BEGIN INFORMATION SUPPLIED
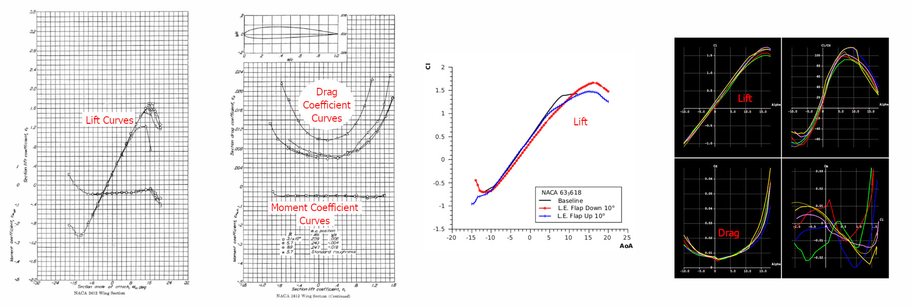 The image below shows some representative curves for 2D airfoil sections, established through both experimental (wind-tunnel) methods as well as computer methods. Multiple curve types are sometimes plotted on the same plot for easy comparisons. You may note that there are multiple overlaid plots for a given curve type. This is due to the variation of coefficients with respect to airspeed, or more specifically, the Reynolds Number, so it is typical to have a range of curve types over a range of Reynolds Numbers. Curves for each coefficient type have characteristic shapes, such that you may know the coefficient curves you're looking at simply from the general shape.
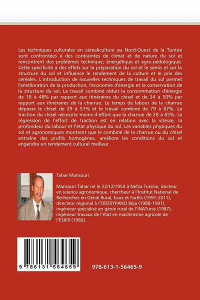 Les techniques culturales en céréaliculture au Nord-Ouest de la Tunisie sont confrontées à des contraintes de climat et de nature du sol et rencontrent des problèmes technique, énergétique et agro-pédologique. Cette spécificité a des effets sur la préparation du sol et le semis et sur la structure du sol et influence le rendement de la culture et le prix des céréales. L'introduction de nouvelles techniques de travail du sol permet l'amélioration de la production, l'économie d'énergie et la conservation de la structure du sol. Le travail combiné réduit la consommation d'énergie de 18 à 48% par rapport aux itinéraires du chisel et de 34 à 50% par rapport aux itinéraires de la charrue. Le temps de labour de la charrue dépasse le chisel de 39 à 51% et le travail combiné de 79 à 87%. La traction du chisel nécessite moins d'effort que la charrue de 28 à 65%. La régression de l'effort de traction est en relation avec la vitesse, la profondeur du labour et l'état physique du sol. Les variables physiques du sol et agronomiques montrent que le combiné de la charrue ou du chisel entraîne des profils homogènes, améliore les conditions du sol et engendre un rendement cultural meilleur.
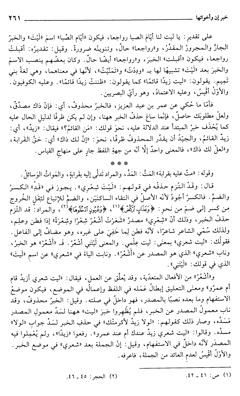 على تقديرِ: يا ليت لنا أيّامَ الصبا رواجعا، فيكون "أيام الصِّبا" اسمَ "لَيْتَ" والخبرُ الجارُّ والمجرورُ المقدَّرُ، و"رواجعا" حالٌ، وتنوينُه ضرورةً. وقيل: تقديرُه: أقبلتْ رواجعا، فيكون "أقبلت" الخبرَ، و"رواجعا" أيضًا حالٌ. وكان بعضُهم ينصب الاسمَ والخبرَ بعد "لَيْتَ" تشبيهًا لها بـ"ودِدْتُ" و"تَمَنَّيْتُ", لأنّها في معناهما، وهي لغةُ بني تَمِيم. يقولون: "ليت زيدًا قائمًا" كما يقولون: "ظننتُ زيدًا قائمًا". وعليه الكوفيون. والأوّلُ أقْيسُ، وعليه الاعتمادُ، وهو رأيُ البصريين.
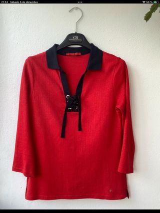 Elegante top de Carolina Herrera en color rojo. - Cuello tipo polo con detalle de lazada. - Manga tres cuartos. - Tejido con textura. - Detalle de logo bordado en la parte inferior.
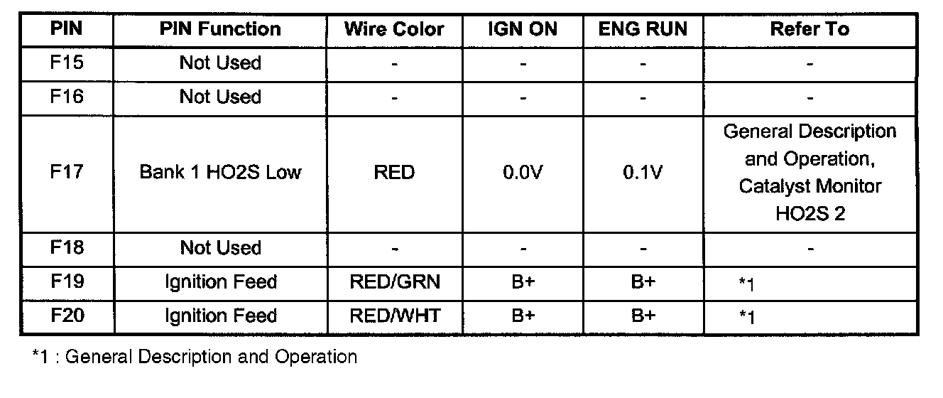 PCM Pinout Table, 80 - Way Blue Connector - Row "F1 - 20" (F15 To F20):
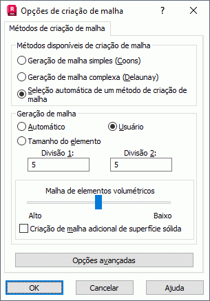 A caixa de diálogo a seguir permite selecionar os parâmetros para uma malha de elementos finitos volumétricos. Essa opção está disponível no módulo Projeto de estrutura volumétrica após selecionar um elemento de estrutura volumétrica e clicar no menu Análise > Malha > Opções de malha.
END INFORMATION SUPPLIED
EXERCISE REQUIREMENTS -> From the entries above, copy exactly the lines starting at the one with "Elegante top de" and stopping at the one with "PCM Pinout Table, 80", keeping both ends. Drop the pictures.

EXERCISE RESULT ->
 Elegante top de Carolina Herrera en color rojo. - Cuello tipo polo con detalle de lazada. - Manga tres cuartos. - Tejido con textura. - Detalle de logo bordado en la parte inferior.
 PCM Pinout Table, 80 - Way Blue Connector - Row "F1 - 20" (F15 To F20):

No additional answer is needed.